>>

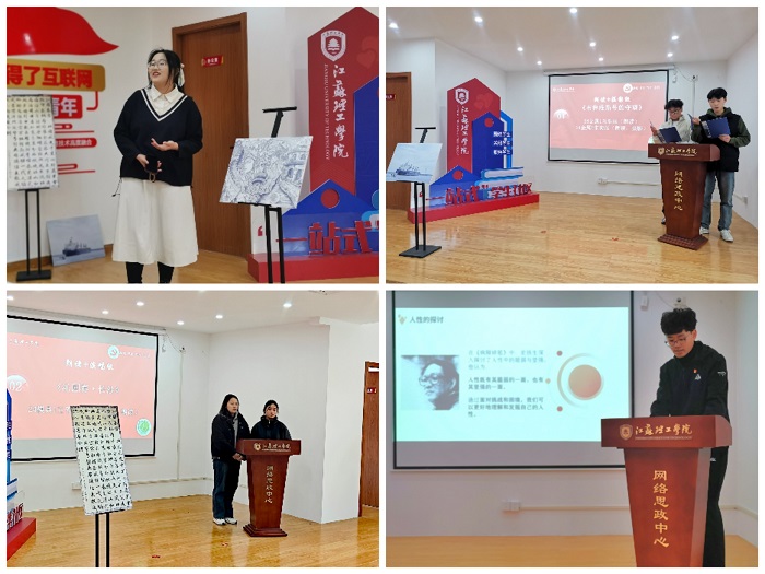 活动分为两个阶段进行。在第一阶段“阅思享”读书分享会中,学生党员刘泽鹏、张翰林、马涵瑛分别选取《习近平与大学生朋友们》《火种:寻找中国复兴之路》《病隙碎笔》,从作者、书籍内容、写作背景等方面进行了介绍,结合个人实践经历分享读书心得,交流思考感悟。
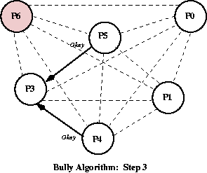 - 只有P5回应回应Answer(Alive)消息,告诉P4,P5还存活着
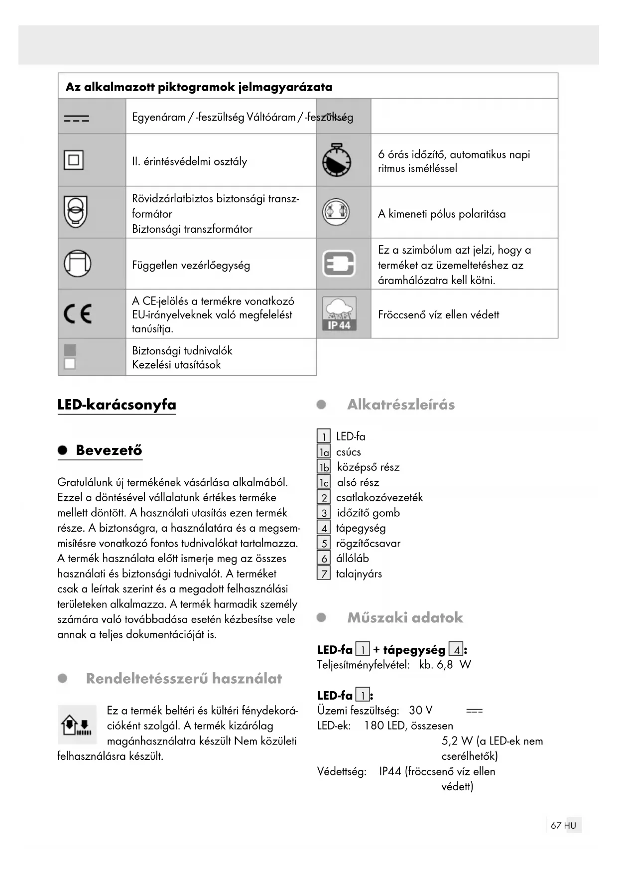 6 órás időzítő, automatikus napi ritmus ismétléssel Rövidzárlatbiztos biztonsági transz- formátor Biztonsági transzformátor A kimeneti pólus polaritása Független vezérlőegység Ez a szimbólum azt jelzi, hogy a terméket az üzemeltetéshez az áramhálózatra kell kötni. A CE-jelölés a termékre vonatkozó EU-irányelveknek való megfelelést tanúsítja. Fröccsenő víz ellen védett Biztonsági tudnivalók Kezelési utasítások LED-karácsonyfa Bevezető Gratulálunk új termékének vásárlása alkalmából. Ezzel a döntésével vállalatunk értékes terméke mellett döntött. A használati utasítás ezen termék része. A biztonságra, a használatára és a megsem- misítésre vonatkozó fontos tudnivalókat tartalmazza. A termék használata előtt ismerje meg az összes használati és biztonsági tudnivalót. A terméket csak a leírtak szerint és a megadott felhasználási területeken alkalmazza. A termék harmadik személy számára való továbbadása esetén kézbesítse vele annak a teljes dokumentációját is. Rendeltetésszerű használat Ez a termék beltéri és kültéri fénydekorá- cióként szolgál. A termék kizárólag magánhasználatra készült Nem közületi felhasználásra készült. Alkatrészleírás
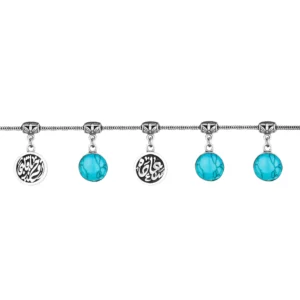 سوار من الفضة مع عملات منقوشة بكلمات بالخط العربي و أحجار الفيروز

<<

- What to produce: An exact copy of the lines above, from the first through the line that holds "- 只有P5回应回应Answer(Alive)消息,告诉P4,P5还存活着", is what is needed; leave the pictures out.

- Response to the exercise:
 活动分为两个阶段进行。在第一阶段“阅思享”读书分享会中,学生党员刘泽鹏、张翰林、马涵瑛分别选取《习近平与大学生朋友们》《火种:寻找中国复兴之路》《病隙碎笔》,从作者、书籍内容、写作背景等方面进行了介绍,结合个人实践经历分享读书心得,交流思考感悟。
 - 只有P5回应回应Answer(Alive)消息,告诉P4,P5还存活着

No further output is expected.